◆ **WORK REQUEST**
An exact transcription is needed of the lines below from the one with "Deux comités citoyens" through the one with "今天(1月3日)是元旦假期之", with no other lines and no pictures.

◆ **SOURCE RECORDS**
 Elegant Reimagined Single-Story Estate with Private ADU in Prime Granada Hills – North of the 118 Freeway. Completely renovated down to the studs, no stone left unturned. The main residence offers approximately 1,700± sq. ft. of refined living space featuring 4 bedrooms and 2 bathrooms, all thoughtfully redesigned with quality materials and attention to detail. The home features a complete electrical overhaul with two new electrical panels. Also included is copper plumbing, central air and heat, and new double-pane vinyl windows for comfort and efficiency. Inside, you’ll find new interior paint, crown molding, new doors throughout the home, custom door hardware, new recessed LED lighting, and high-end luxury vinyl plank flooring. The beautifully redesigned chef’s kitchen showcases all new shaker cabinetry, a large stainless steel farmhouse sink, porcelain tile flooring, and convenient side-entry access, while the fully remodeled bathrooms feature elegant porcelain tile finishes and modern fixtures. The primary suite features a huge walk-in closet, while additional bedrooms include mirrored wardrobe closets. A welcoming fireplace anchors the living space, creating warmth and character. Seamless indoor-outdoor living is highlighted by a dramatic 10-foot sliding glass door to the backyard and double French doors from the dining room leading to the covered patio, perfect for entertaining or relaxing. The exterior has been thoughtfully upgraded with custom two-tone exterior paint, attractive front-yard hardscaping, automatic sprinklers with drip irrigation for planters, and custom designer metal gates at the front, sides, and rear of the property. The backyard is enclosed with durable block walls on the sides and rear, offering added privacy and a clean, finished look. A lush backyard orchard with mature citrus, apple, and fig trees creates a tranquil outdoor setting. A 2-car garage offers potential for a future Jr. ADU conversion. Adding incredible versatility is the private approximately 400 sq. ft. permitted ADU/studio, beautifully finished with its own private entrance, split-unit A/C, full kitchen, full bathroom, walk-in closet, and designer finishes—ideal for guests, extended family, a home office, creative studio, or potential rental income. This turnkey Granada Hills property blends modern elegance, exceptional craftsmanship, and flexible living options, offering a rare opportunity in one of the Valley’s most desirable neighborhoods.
--
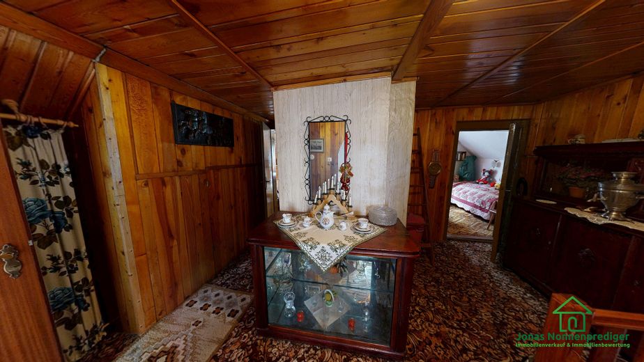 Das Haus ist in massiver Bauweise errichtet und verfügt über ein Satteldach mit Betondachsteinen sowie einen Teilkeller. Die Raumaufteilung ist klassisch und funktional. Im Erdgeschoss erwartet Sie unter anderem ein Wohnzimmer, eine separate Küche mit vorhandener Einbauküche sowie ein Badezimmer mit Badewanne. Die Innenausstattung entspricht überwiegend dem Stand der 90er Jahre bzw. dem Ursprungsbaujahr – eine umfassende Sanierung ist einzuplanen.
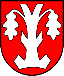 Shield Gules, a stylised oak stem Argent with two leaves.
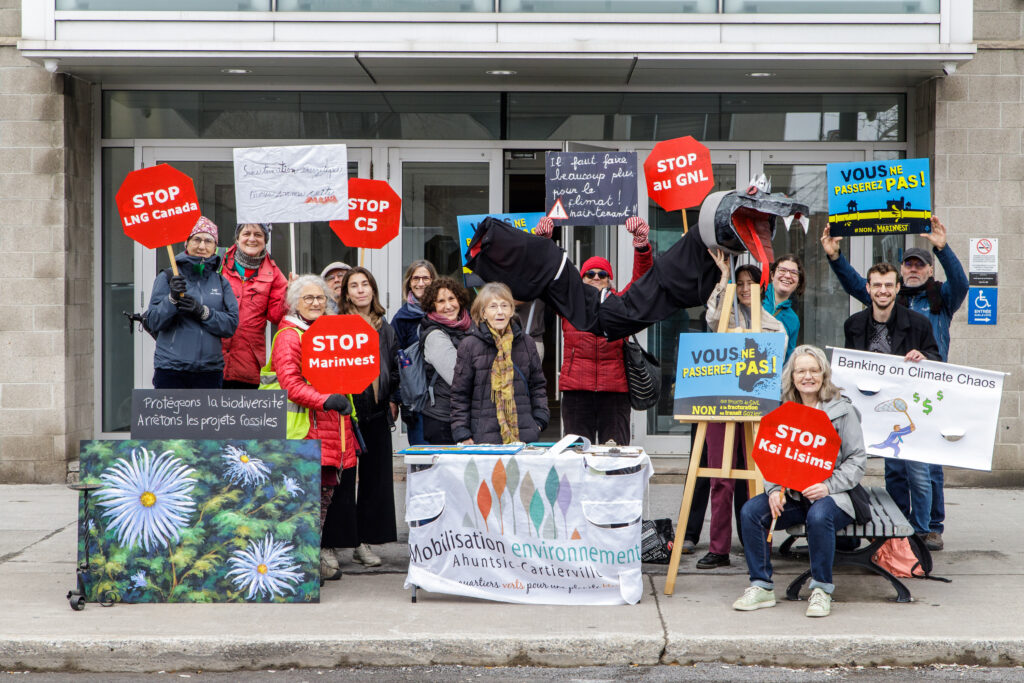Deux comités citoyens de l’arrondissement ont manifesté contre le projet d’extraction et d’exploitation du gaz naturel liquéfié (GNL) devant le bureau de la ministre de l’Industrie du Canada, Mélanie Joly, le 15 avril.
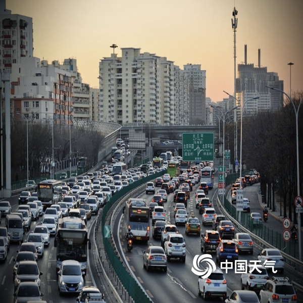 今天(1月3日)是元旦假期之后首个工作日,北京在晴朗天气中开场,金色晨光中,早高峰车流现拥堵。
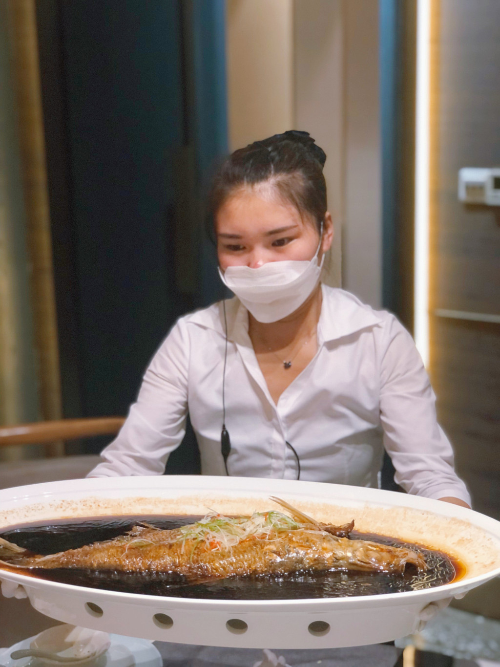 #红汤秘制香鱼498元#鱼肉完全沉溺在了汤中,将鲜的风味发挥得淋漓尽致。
---
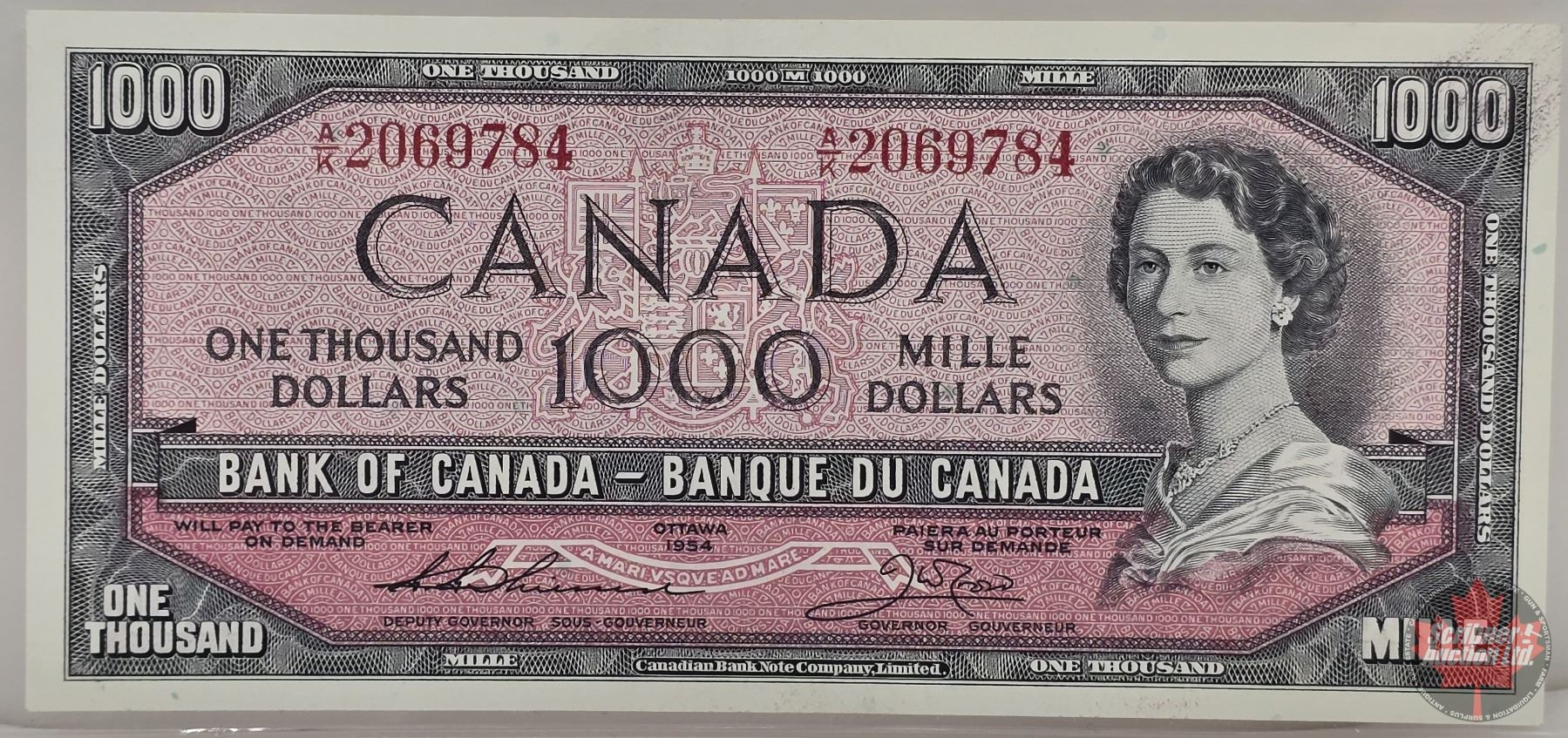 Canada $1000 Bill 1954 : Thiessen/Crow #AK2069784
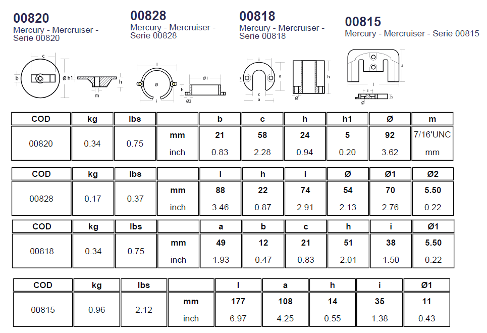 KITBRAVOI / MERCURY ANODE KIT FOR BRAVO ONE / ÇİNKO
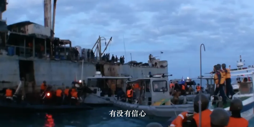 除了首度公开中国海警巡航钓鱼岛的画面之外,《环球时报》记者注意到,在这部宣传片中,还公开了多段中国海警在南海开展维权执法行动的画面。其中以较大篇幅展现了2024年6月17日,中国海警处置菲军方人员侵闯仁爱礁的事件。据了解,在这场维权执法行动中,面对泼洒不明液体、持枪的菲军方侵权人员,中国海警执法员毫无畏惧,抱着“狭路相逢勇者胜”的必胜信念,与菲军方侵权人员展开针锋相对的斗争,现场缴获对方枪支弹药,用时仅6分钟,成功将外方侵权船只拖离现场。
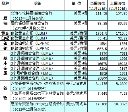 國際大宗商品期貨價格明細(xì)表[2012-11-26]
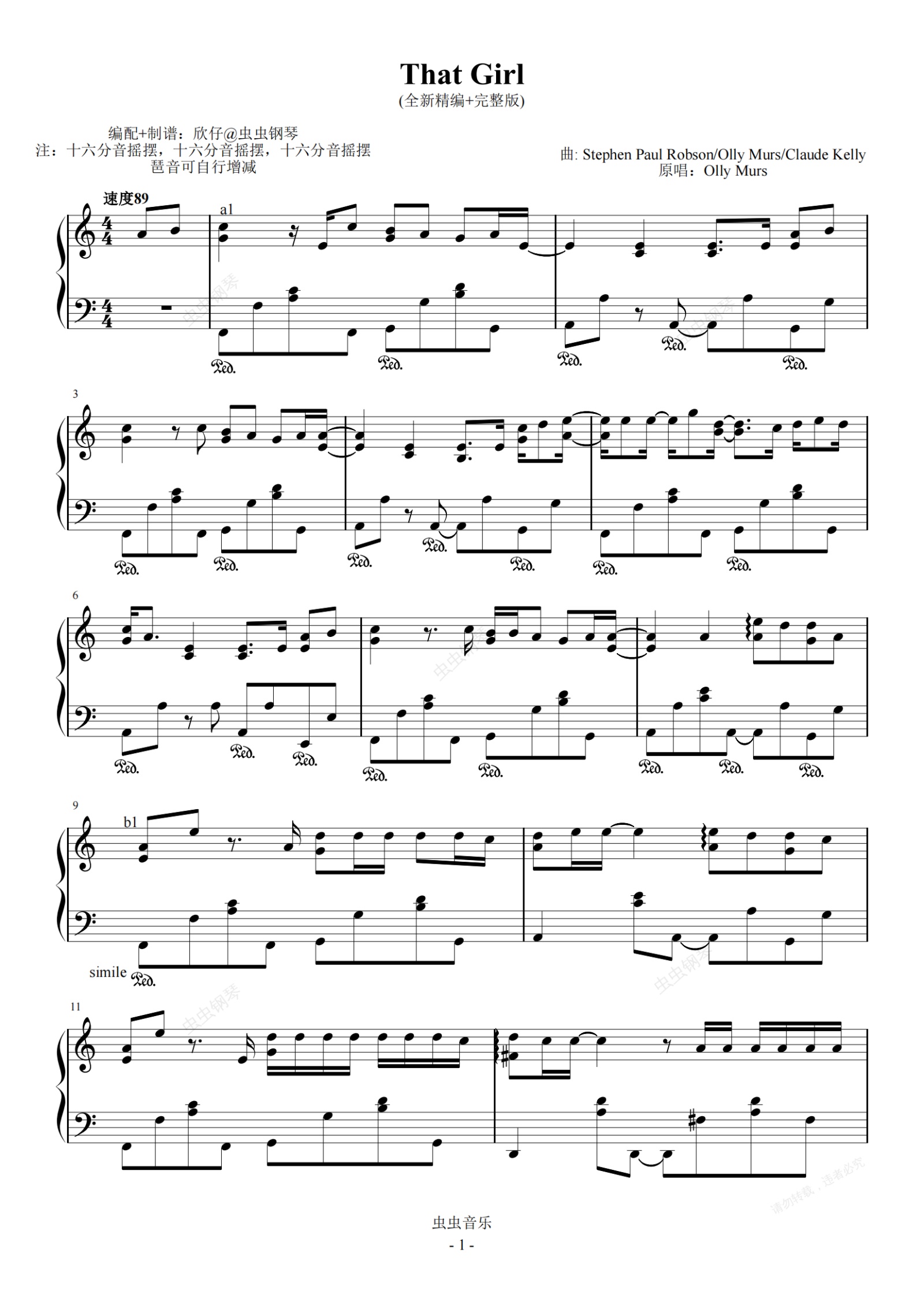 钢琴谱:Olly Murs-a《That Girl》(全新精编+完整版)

◆ **EXERCISE ANSWER**
Deux comités citoyens de l’arrondissement ont manifesté contre le projet d’extraction et d’exploitation du gaz naturel liquéfié (GNL) devant le bureau de la ministre de l’Industrie du Canada, Mélanie Joly, le 15 avril.
 今天(1月3日)是元旦假期之后首个工作日,北京在晴朗天气中开场,金色晨光中,早高峰车流现拥堵。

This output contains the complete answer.